Material for this task:
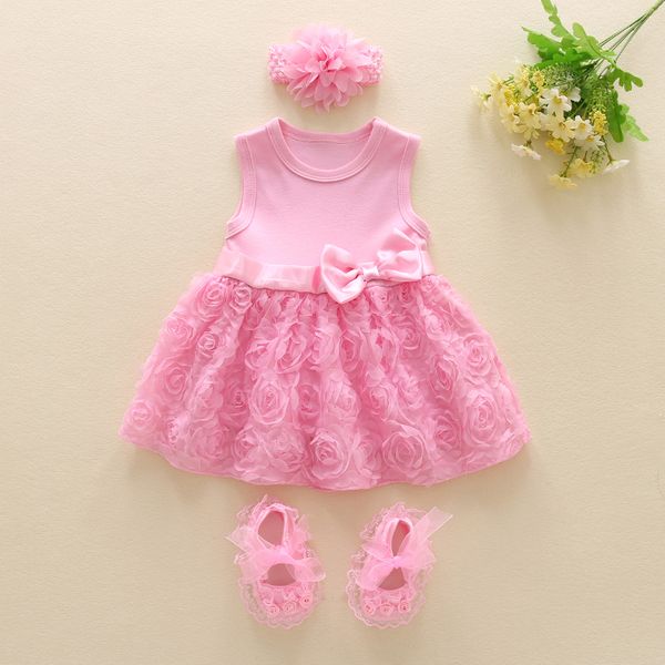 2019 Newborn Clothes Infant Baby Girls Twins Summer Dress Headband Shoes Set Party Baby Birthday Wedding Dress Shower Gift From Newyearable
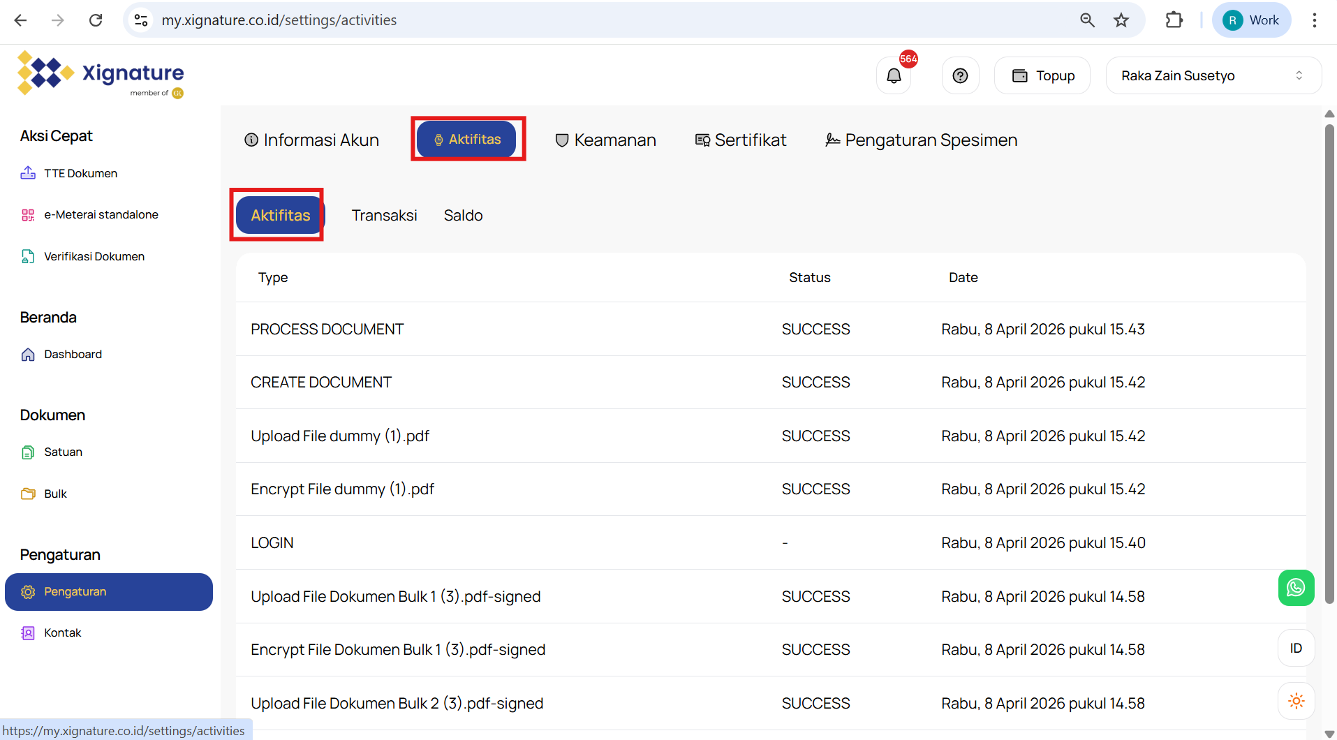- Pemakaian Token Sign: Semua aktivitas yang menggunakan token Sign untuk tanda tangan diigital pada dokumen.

---

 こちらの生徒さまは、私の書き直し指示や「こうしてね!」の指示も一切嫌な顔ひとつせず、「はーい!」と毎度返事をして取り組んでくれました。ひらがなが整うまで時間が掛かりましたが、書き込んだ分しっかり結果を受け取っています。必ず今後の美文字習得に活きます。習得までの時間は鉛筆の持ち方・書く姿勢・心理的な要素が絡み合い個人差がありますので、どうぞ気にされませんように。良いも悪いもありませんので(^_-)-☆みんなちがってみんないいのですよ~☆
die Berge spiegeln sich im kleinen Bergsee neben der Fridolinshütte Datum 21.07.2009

Directions for this task: Pictures do not belong in the answer. Return the lines above starting at the one with "2019 Newborn Clothes" and ending at the one with "- Pemakaian Token", both kept, exactly.

Task answer:
 2019 Newborn Clothes Infant Baby Girls Twins Summer Dress Headband Shoes Set Party Baby Birthday Wedding Dress Shower Gift From Newyearable
- Pemakaian Token Sign: Semua aktivitas yang menggunakan token Sign untuk tanda tangan diigital pada dokumen.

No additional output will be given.